Opposition leader Peter Dutton, who wants to keep Britain's king as Australia's monarch, said many republic supporters would be honored to attend a reception for Charles and Queen Camilla at Parliament House in the capital Canberra.

“People got their hair cut, their shoes shined, their suits ironed, and that’s just the Republicans,” Dutton quipped.

But the government of Australia's six states signaled their support for an Australian head of state by declining invitations to the reception. They all said they had more pressing appointments on Monday, but the monarchists agreed the royals had been snubbed.

Charles used the beginning of his speech to thank Canberra's Indigenous elder, Aunty Violet Sheridan, for her traditional welcome to the King and Queen.

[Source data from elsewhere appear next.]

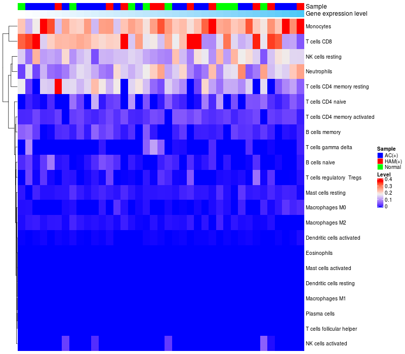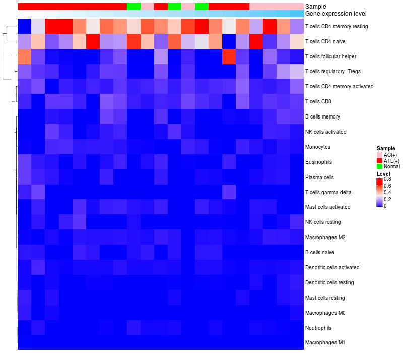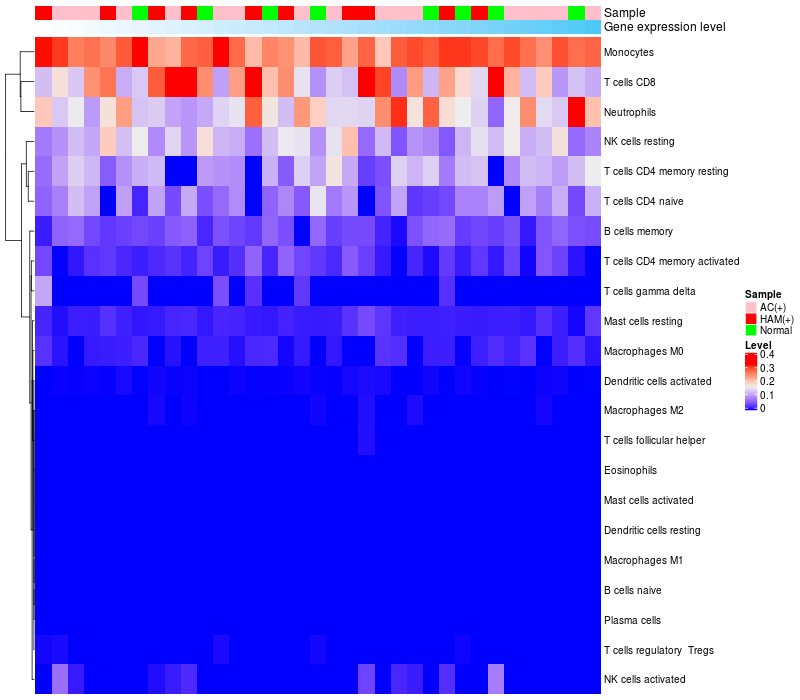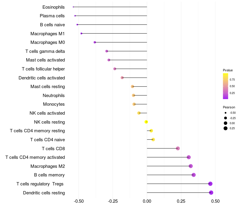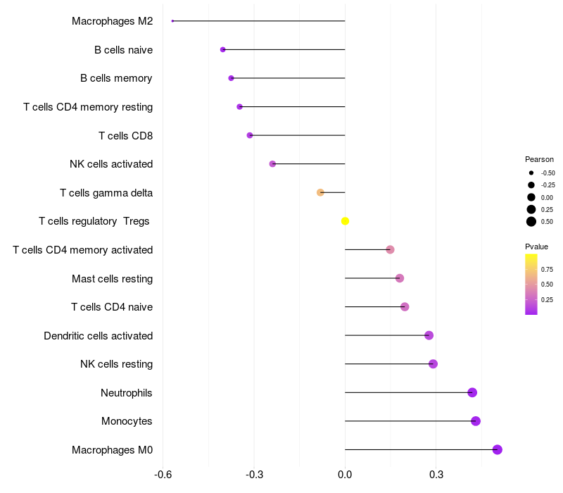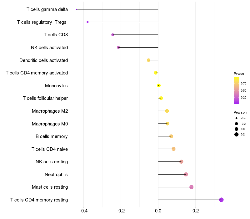 Lollipop of PLCB2 expression and immune infiltrating cell level correlation result in HTLV1+ samples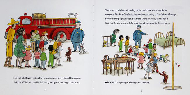George and the man with the yellow hat take a trip to the firehouse where George finds all sorts of new things to explore. When one curious monkey meets a company of unsuspecting firefighters, a big adventure is sure to follow.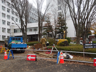 Pipework replacement was underway in front of the faculty of Symbiotic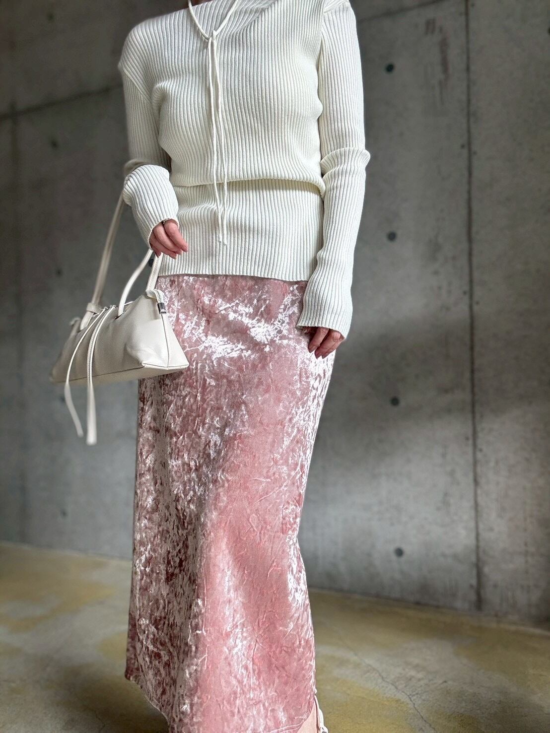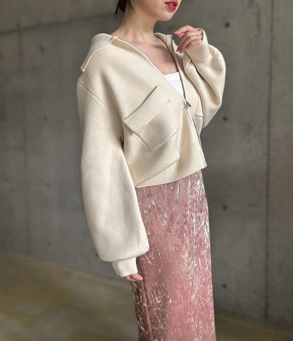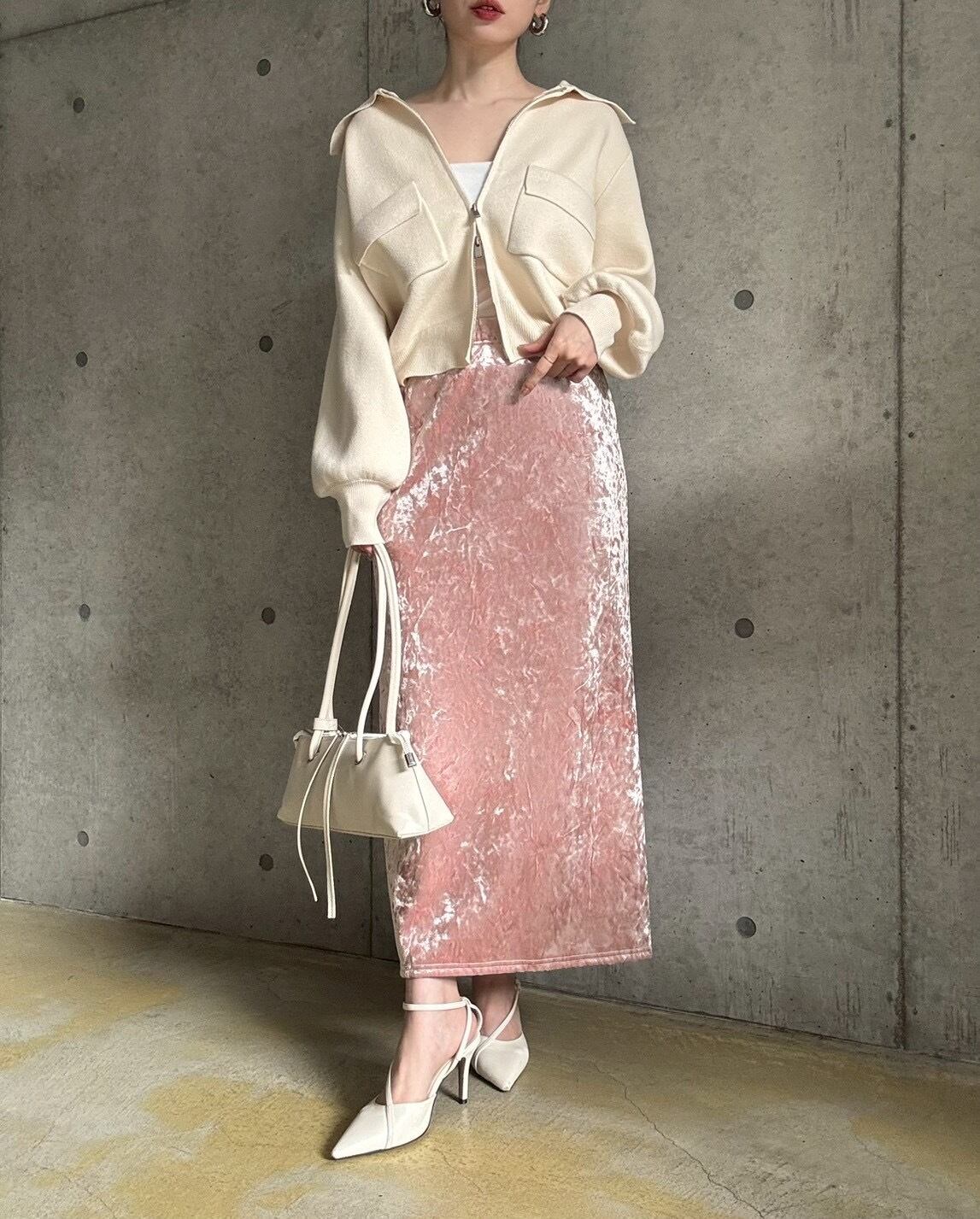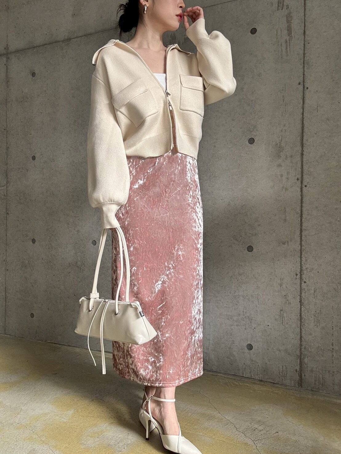 クラッシュベロアの生地感がスタイリングのアクセントに♪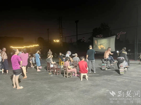 夜幕初上,涼風習習,鄂城區西山街道梁新屋村十組的文化廣場熱鬧非凡。村民們一面享受夜風的輕撫,一面為大屏幕上播放的電影《血戰黎明前》中的精彩片段鼓掌叫好。革命戰士們不懼流血犧牲,光榮獻身祖國的崇高品質,讓村民們為之動容,潸然淚下。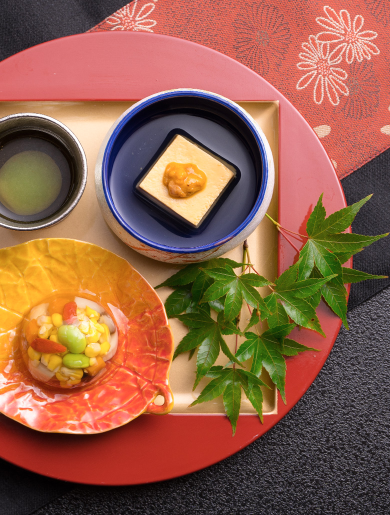 折橋の入口に橋が架かるごとく、料理の中に思いの橋を架けたい。風情ある宿であることを料理の中にも表現したい。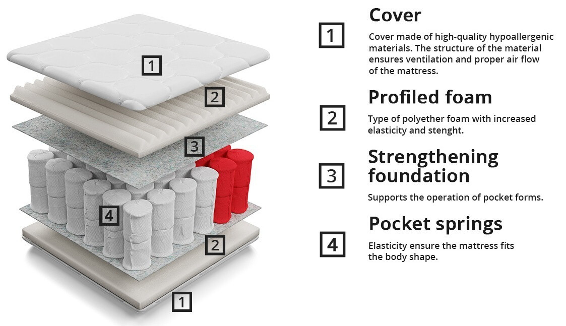 Wir haben uns im Vorfeld für diese Matratze entschieden. 5 Jahre sind vergangen, die Matratze hat sich nicht verformt, die perfekte Hart/Weich-Kombination. Taschenfederkernmatratzen halten länger. Deshalb haben wir für das neue Bett genau diese Matratze gewählt.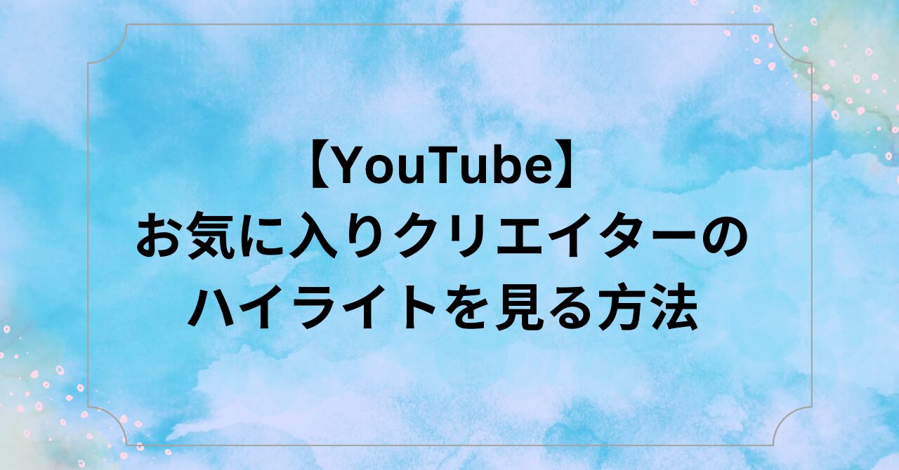 今回は、【YouTube】お気に入りクリエイターのハイライトを見る方法についてまとめました。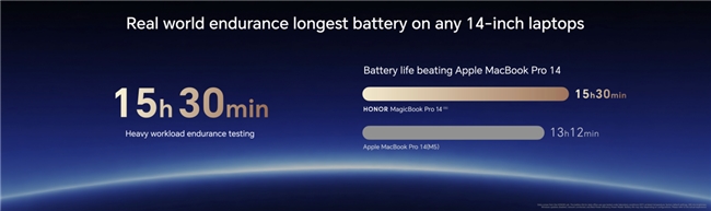 作為14英寸輕薄本續(xù)航標(biāo)桿,榮耀MagicBook Pro 14 2026配備92Wh大容量電池,結(jié)合新一代自研HONOR Turbo X技術(shù),帶來(lái)15.5小時(shí)的超長(zhǎng)續(xù)航表現(xiàn),全面超越蘋果MacBook Pro 14,再次刷新14英寸輕薄本行業(yè)的超長(zhǎng)續(xù)航紀(jì)錄。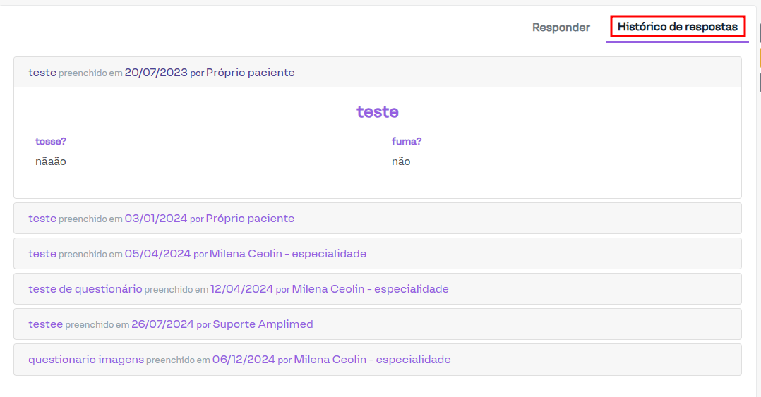 Para visualizar as respostas, vá até a seção Histórico de respostas e clique no questionário desejado.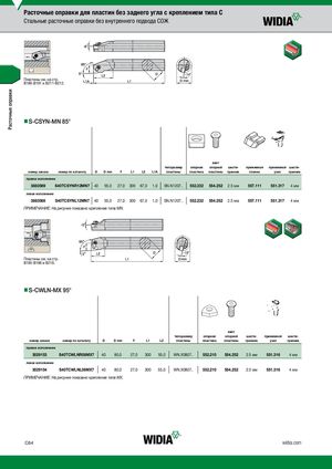 Расточные оправки Расточные оправки для пластин без заднего угла с креплением типа C Стальные расточные оправки без внутреннего подвода СОЖ Пластины см. на стр. B186-В191 и В211-В212. nnS-CSYN-MN 85° винт типоразмер опорная опорной шести- прижимная прижимной шести- номер заказа номер по каталогу D D min F L1 L2 L1A пластины пластина пластины гранник планка узел гранник правое исполнение 3883569 S40TCSYNR12MN7 40 55,0 27,0 300 67,0 1,0 SN.N1207.. 552.232 554.252 2.5 мм 557.111 551.317 4 мм левое исполнение 3883568 S40TCSYNL12MN7 40 55,0 27,0 300 67,0 1,0 SN.N1207.. 552.232 554.252 2.5 мм 557.111 551.317 4 мм ПРИМЕЧАНИЕ: На рисунке показано крепление типа MN. Пластины см. на стр. B195-В198 и В218. nnS-CWLN-MX 95° винт типоразмер опорная опорной шести- прижимной шести- номер заказа номер по каталогу D D min F L1 L2 пластины пластина пластины гранник узел гранник правое исполнение 3029153 S40TCWLNR08MX7 40 80,0 27,0 300 55,0 WN.X0807.. 552.210 554.252 2.5 мм 551.316 4 мм левое исполнение 3029154 S40TCWLNL08MX7 40 80,0 27,0 300 55,0 WN.X0807.. 552.210 554.252 2.5 мм 551.316 4 мм ПРИМЕЧАНИЕ: На рисунке показано крепление типа MX. C64 widia.com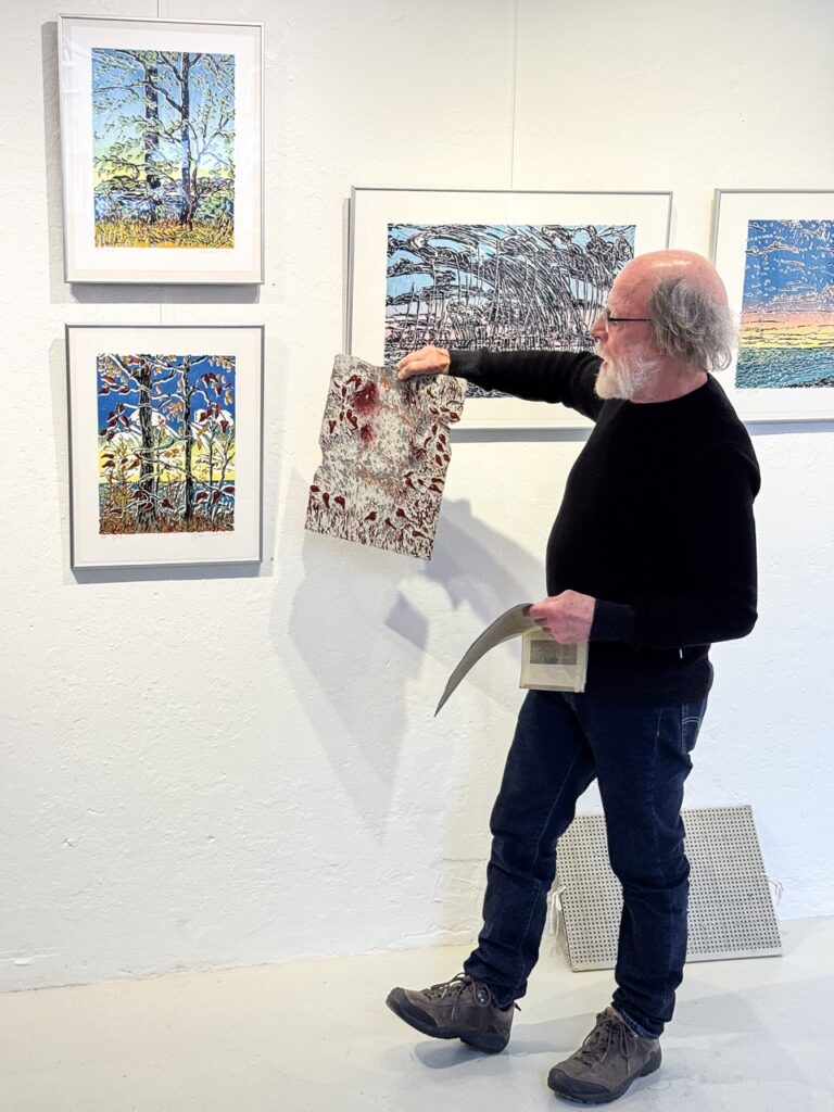 Claudio Bannwart fortæller om linoleumstrykkets teknik. Foto: Lars Pryds

“Let me also say how much I appreciated the moving Welcome to Country ceremony this morning, which gave me the opportunity to pay my respects to the traditional owners of the land on which we meet, the Ngunnawal People and all First Nations peoples who have loved us and cared for this continent for 65,000 years,” said Charles.

“Throughout my life, Australia's indigenous people have given me the great honor of sharing their stories and cultures so generously. “I can only say how much my own experience has been shaped and strengthened by this traditional wisdom,” Charles added.

Australians voted in a 1999 referendum to keep Queen Elizabeth II as head of state. This result is generally seen as a result of disagreement over how a president would be elected, rather than as a result of majority support for a monarch.

Albanese has ruled out holding another referendum on the issue during his current three-year government. But there is a possibility if his centre-left Labor party is re-elected in elections next May.

Charles was drawn into the Australian Republic debate months before his visit.

The Australian Republic Movement, which wants Australia to break its constitutional ties with Britain, wrote to Charles in December last year calling for a meeting in Australia and for the king to champion their cause. Buckingham Palace politely wrote in March that the king's meetings were decided by the Australian government. A meeting with the ARM is not in the official travel plan.

“Whether Australia becomes a republic is for the Australian public to decide,” Buckingham Palace’s letter said.

Earlier on Monday, Charles and Camilla laid wreaths at the Australian War Memorial and then shook hands with well-wishers on the second full day of their visit.

The memorial estimated 4,000 people came to see the couple.

Charles, 75, is being treated for cancer, which has resulted in an abbreviated treatment schedule. It is Charles' 17th trip to Australia and the first since he became king in 2022. It is the first visit by a reigning British monarch to Australia since his late mother Queen Elizabeth II traveled to the distant country in 2011.

Charles and Camilla rested a day after arriving late Friday before making their first public appearance of the trip at a church service in Sydney on Sunday. They then flew to Canberra, where they visited the Tomb of the Unknown Australian Soldier and a reception at Parliament House.

Before leaving the war memorial, they stopped to greet hundreds of people who gathered under clear skies under Australian flags. The temperature should reach a mild high of 24 degrees Celsius (75 degrees Fahrenheit).

On Wednesday Charles will travel to Samoa where he will open the Commonwealth Heads of Government meeting.